I had an interesting conversation with Paul Travers, the President and CEO of Vuzix, on the In Transit podcast, where we discussed the value that augmented reality (AR) glasses brings to the warehousing segment. Travers explained how AR glasses can help quicken daily warehousing tasks like picking and sorting, enhancing operational efficiency and reducing the time it takes to train employees on the job. Check this link for the episode.
The Week in Snippets
Rising interest rates are halting warehouse construction in the US, a shift from the building boom driven by e-commerce growth during the pandemic. This downturn, marked by a significant drop in construction starts and industrial real estate sales, is influenced by higher debt costs and a slowdown in leasing demand, though the sector remains robust with low vacancies and continued e-commerce activity.
The Biden administration's target of achieving 30 GW of offshore wind energy by 2030 faces significant challenges due to rising costs, supply chain issues, and slow permitting processes. Additional hurdles include local content requirements and construction barriers, leading experts to predict a substantial downward revision in offshore wind capacity expectations.
As US warships head to the Gulf of Aden, major shipping lines like OOCL and Maersk are halting or rerouting Red Sea transits due to security concerns, significantly impacting global shipping routes. This strategic shift, influenced by recent maritime security incidents and the involvement of international navies, underscores the escalating tensions in the region and their ripple effect on global trade and maritime operations.
Union Pacific and BNSF railroads are urging U.S. Customs and Border Protection to reopen key rail bridge crossings in Texas, closed due to increased immigration activity.

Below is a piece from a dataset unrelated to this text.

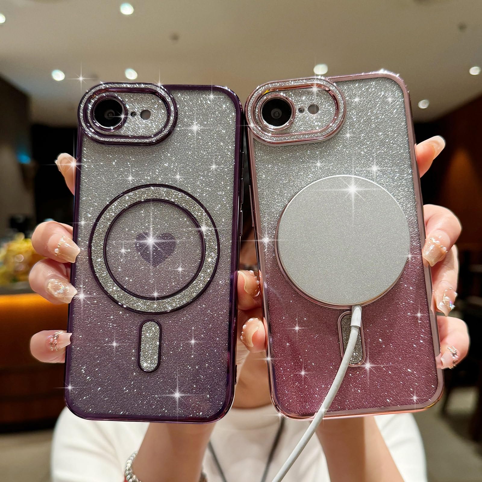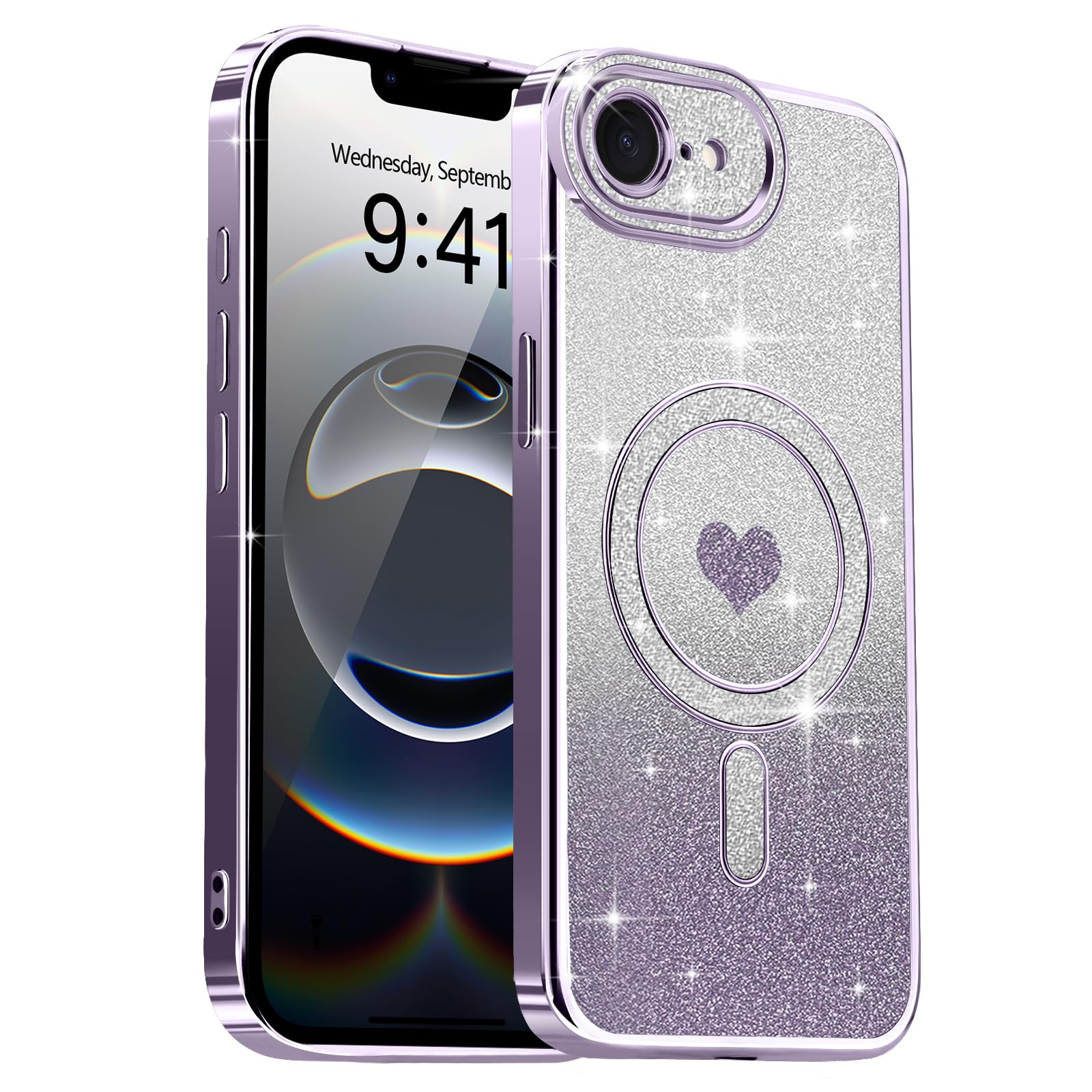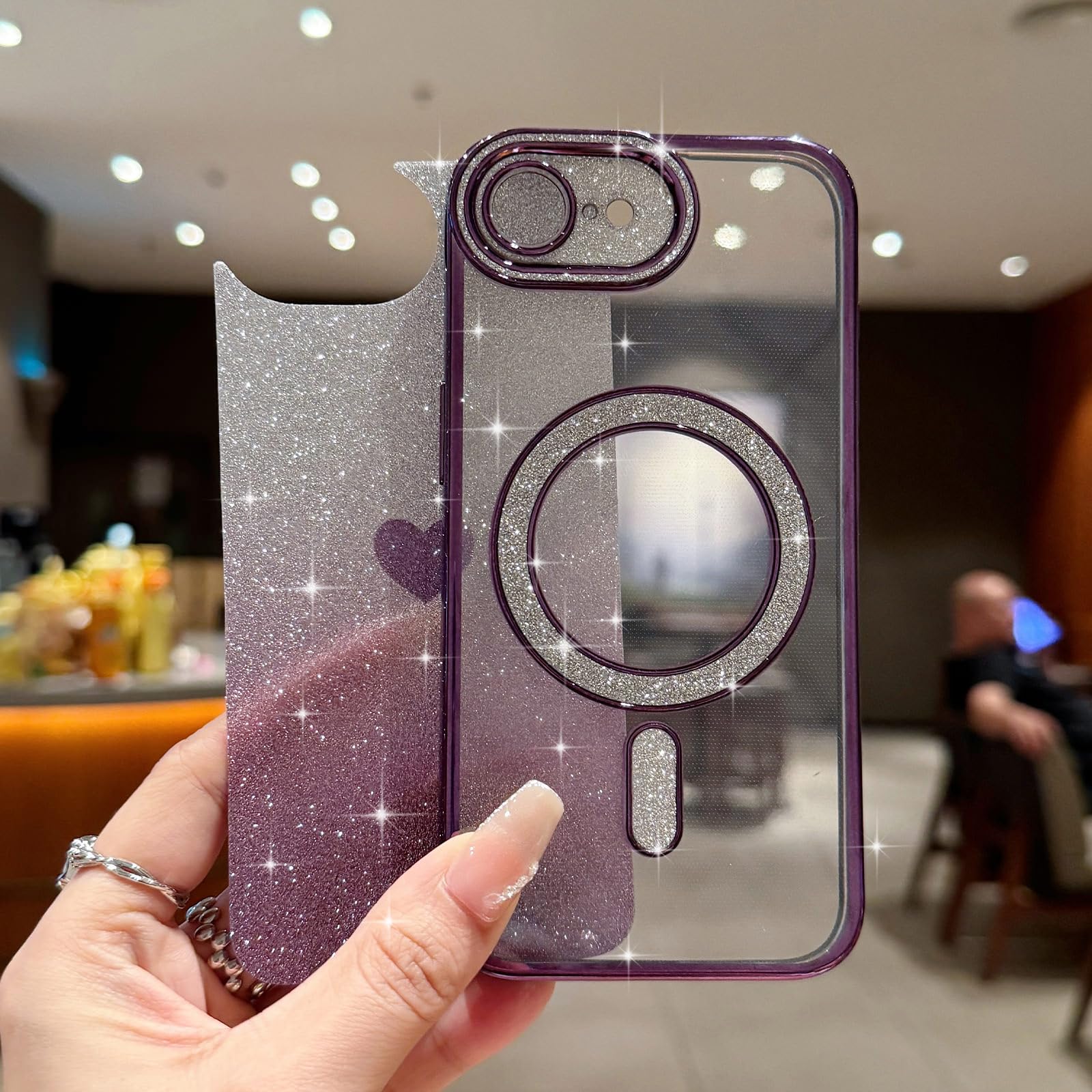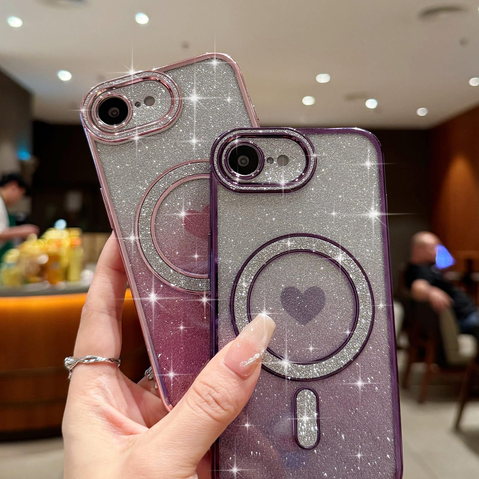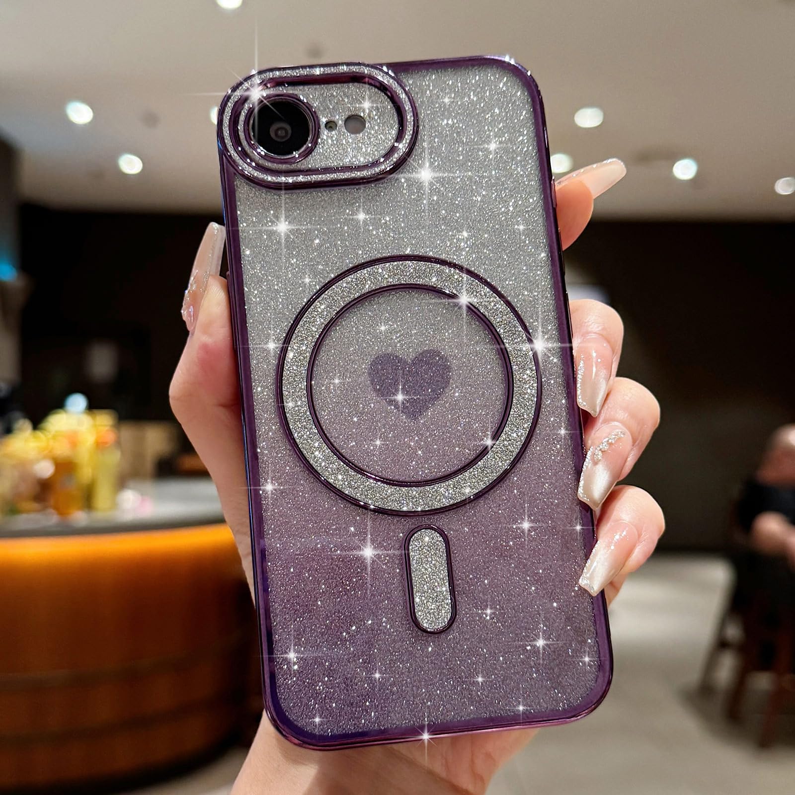 Sparkling Love Heart Shape: Features a dazzling unique heart-shaped glitter design embedded within the transparent case, adding a touch of elegance and sparkle aesthetic.

The closures are significantly disrupting cross-border trade, affecting a substantial portion of Union Pacific's business and causing widespread supply chain impacts, including congestion and delays in the movement of critical goods.
Quotable
“My sense is that the next bull market pricing cycle—which will happen sometime—will be much more gradual than the prior two cycles that started in Q3 2017 and June/July 2020. As such, don’t expect the market to change overnight and, instead, plan for market dynamics to evolve more slowly as we head further into 2024.”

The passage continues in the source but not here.